How to complete this task:
Since the copy must hold text only, transcribe the data below exactly and omit the images.

[[ Material provided open ]]

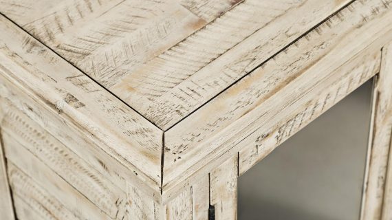 Elegancka komoda w stylu rustykalnym, która wnosi do Twojego wnętrza odrobinę klasycznego uroku. Wykonana z drewna akacji, w kolorze kości słoniowej, z charakterystycznymi postarzeniami i subtelnymi, ozdobnymi listewkami. Przeszklone drzwi i frezowany blat dodają jej wyjątkowego charakteru. To doskonały wybór dla osób, które szukają funkcjonalnego, a zarazem stylowego mebla do swojego salonu, jadalni lub sypialni.
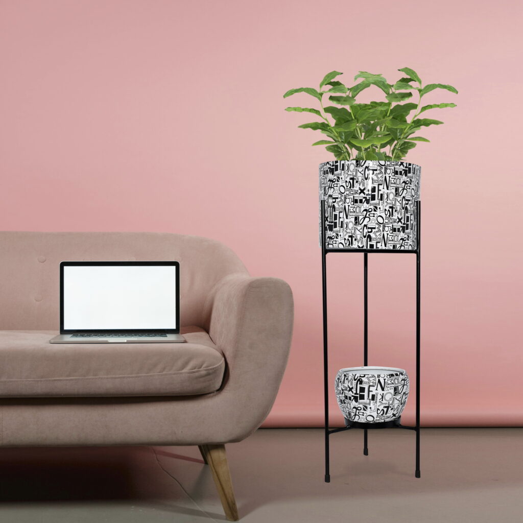 Floral Iron Two-Pot Planter with Stand – 60 cm Tall Indoor/Outdoor Decorative Plant Holder
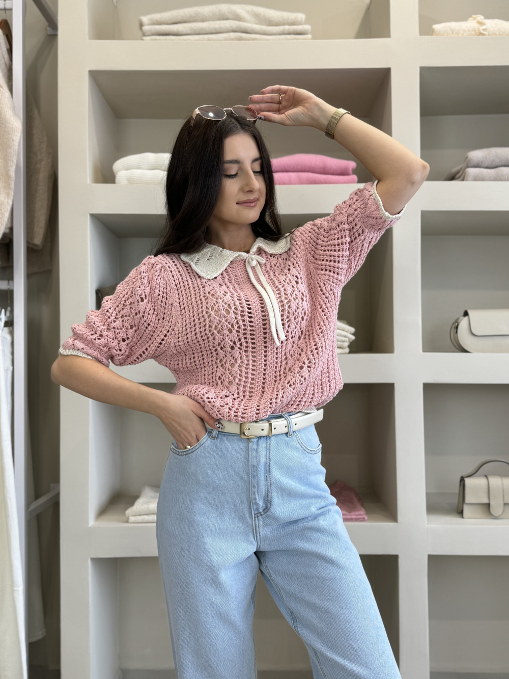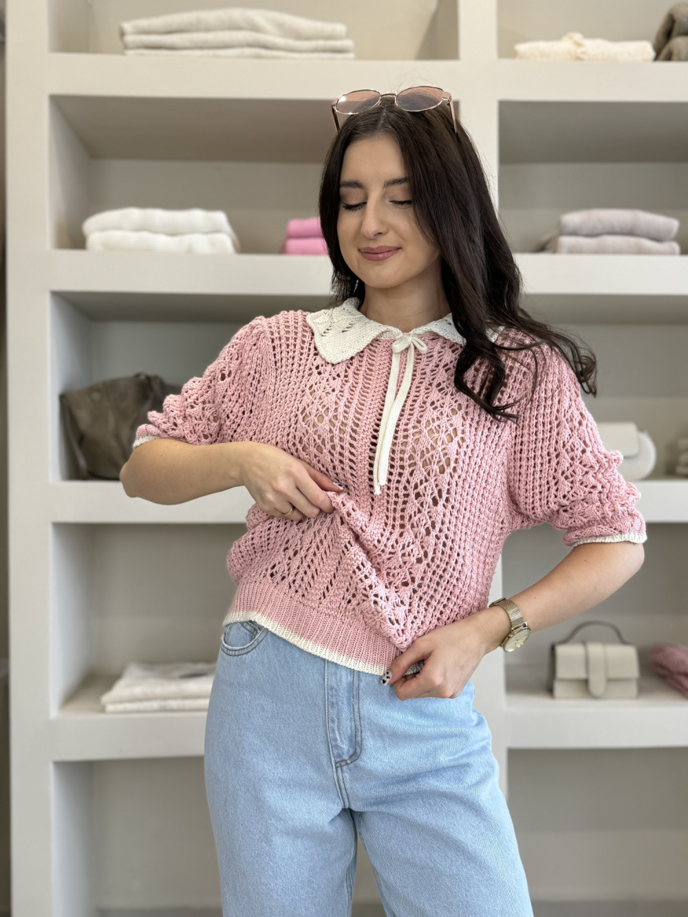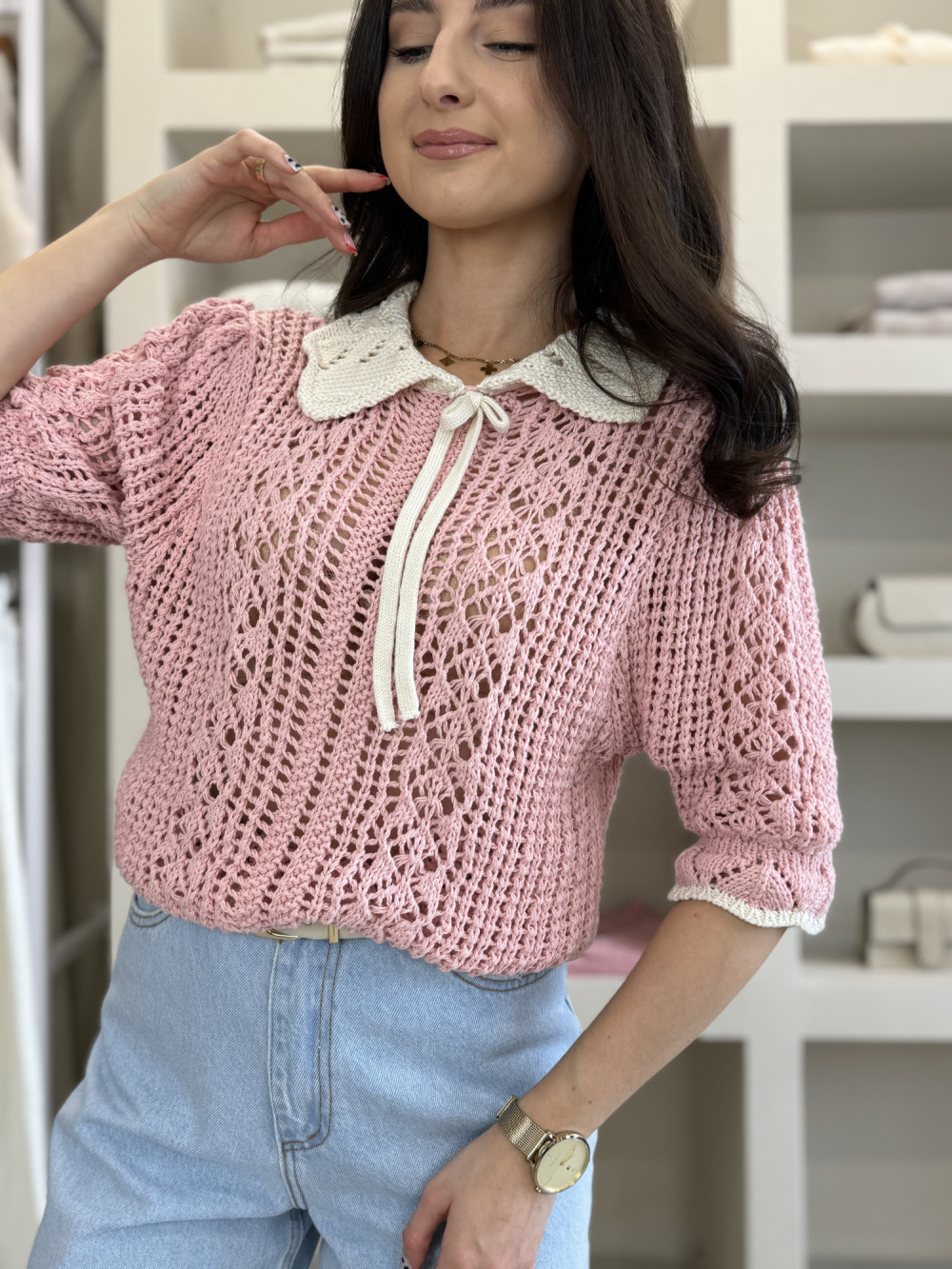 Bluzka polo ażurowa z kołnierzykiem różowa VIA
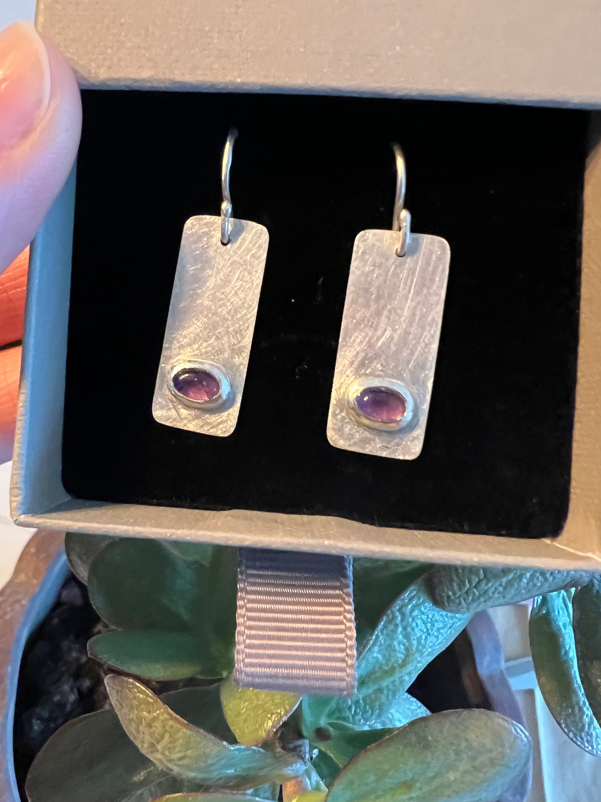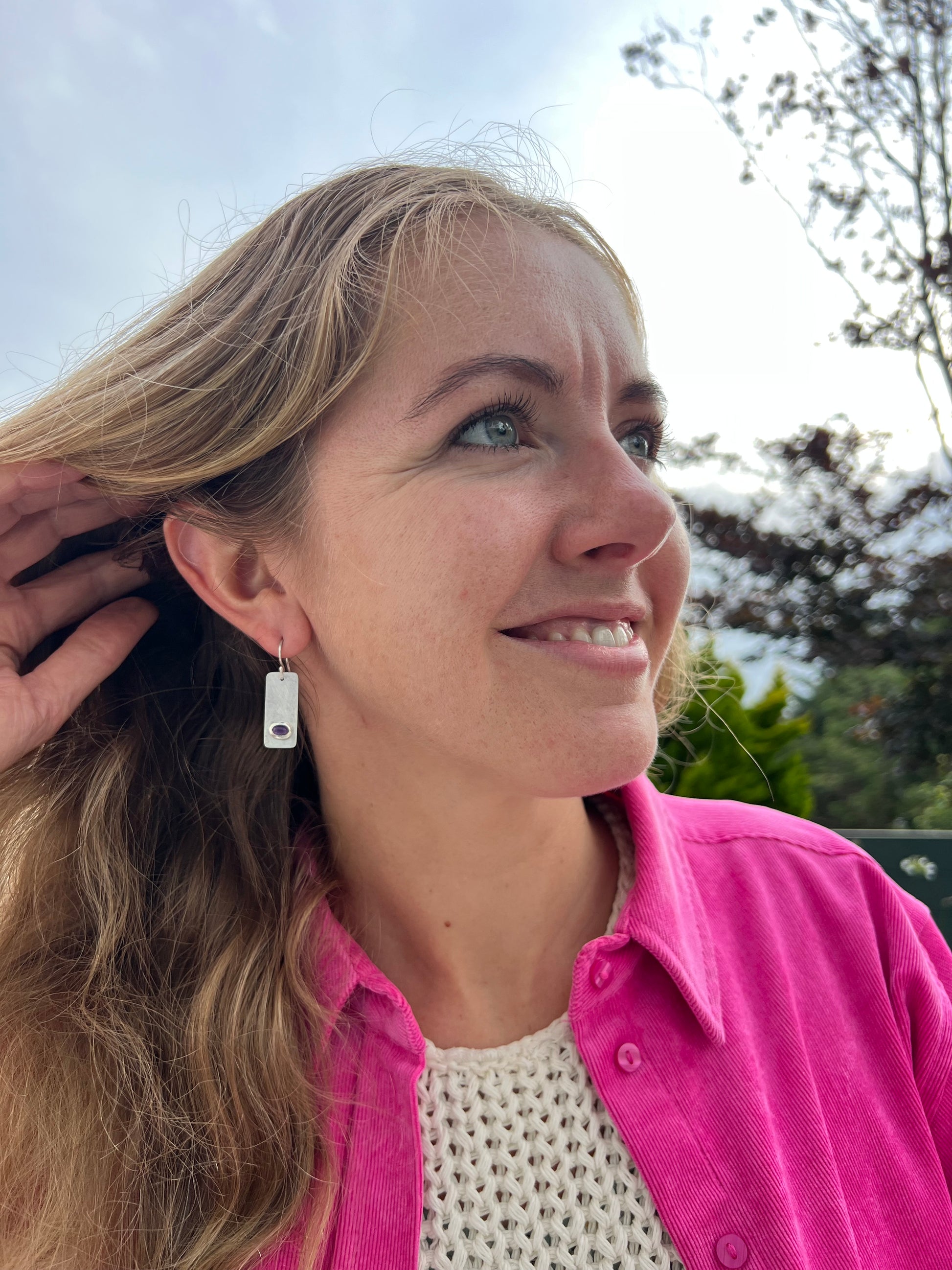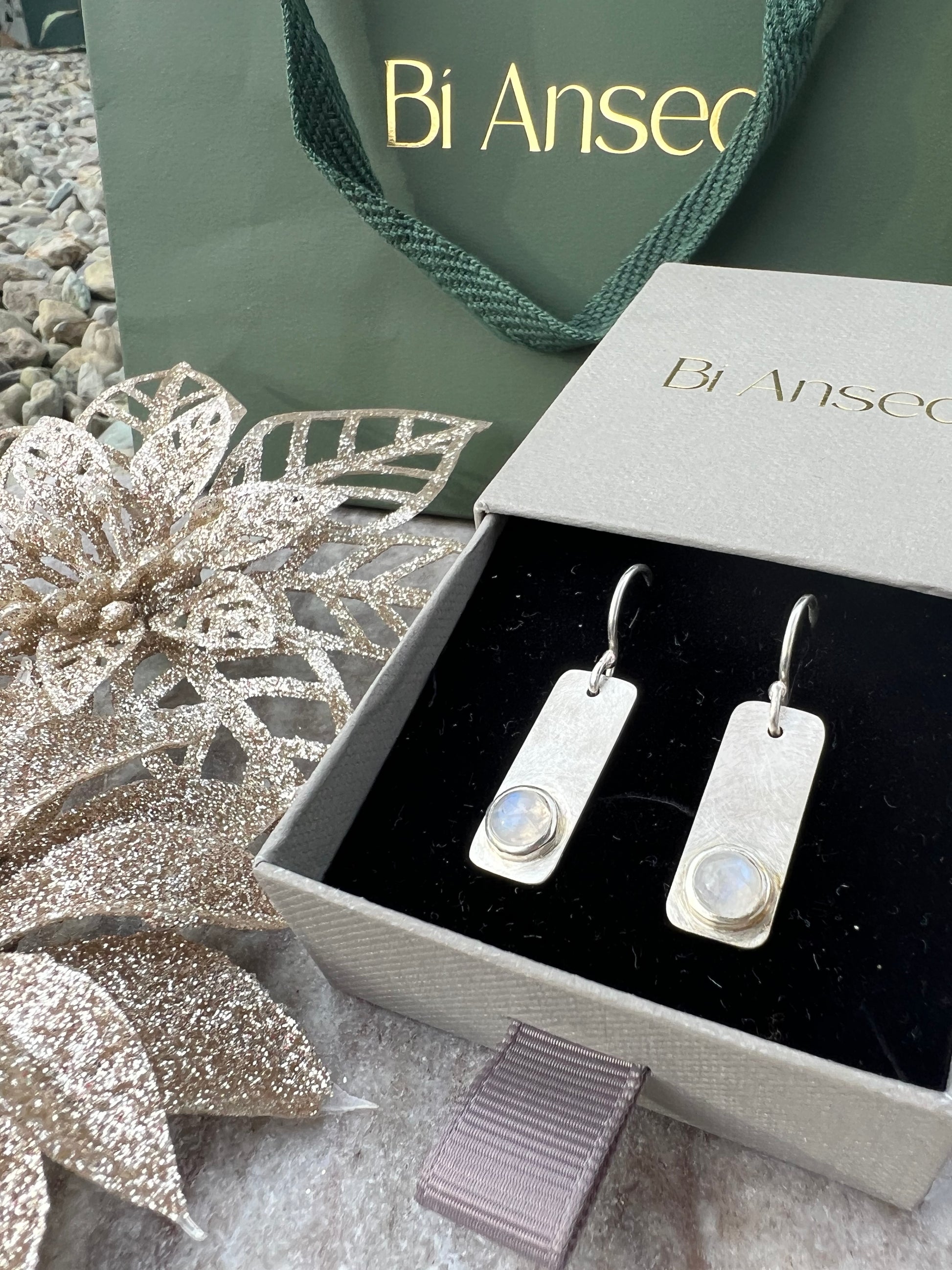 Set here with Amethyst, Moonstone and as part of a commission with Emerald and 9 karat gold, you can customise these earrings with a birthstone or precious gemstone of your choice. To select Amethyst, add to cart and check out. For any other gemstone, email me at hello@bianseo.ie. We can chat about your choice and confirm the order from there. Some precious gemstones will mean a price increase. This will be clearly explained before an order is placed.

[[ Material provided closed ]]

Output for this task:
 Elegancka komoda w stylu rustykalnym, która wnosi do Twojego wnętrza odrobinę klasycznego uroku. Wykonana z drewna akacji, w kolorze kości słoniowej, z charakterystycznymi postarzeniami i subtelnymi, ozdobnymi listewkami. Przeszklone drzwi i frezowany blat dodają jej wyjątkowego charakteru. To doskonały wybór dla osób, które szukają funkcjonalnego, a zarazem stylowego mebla do swojego salonu, jadalni lub sypialni.
 Floral Iron Two-Pot Planter with Stand – 60 cm Tall Indoor/Outdoor Decorative Plant Holder
 Bluzka polo ażurowa z kołnierzykiem różowa VIA
 Set here with Amethyst, Moonstone and as part of a commission with Emerald and 9 karat gold, you can customise these earrings with a birthstone or precious gemstone of your choice. To select Amethyst, add to cart and check out. For any other gemstone, email me at hello@bianseo.ie. We can chat about your choice and confirm the order from there. Some precious gemstones will mean a price increase. This will be clearly explained before an order is placed.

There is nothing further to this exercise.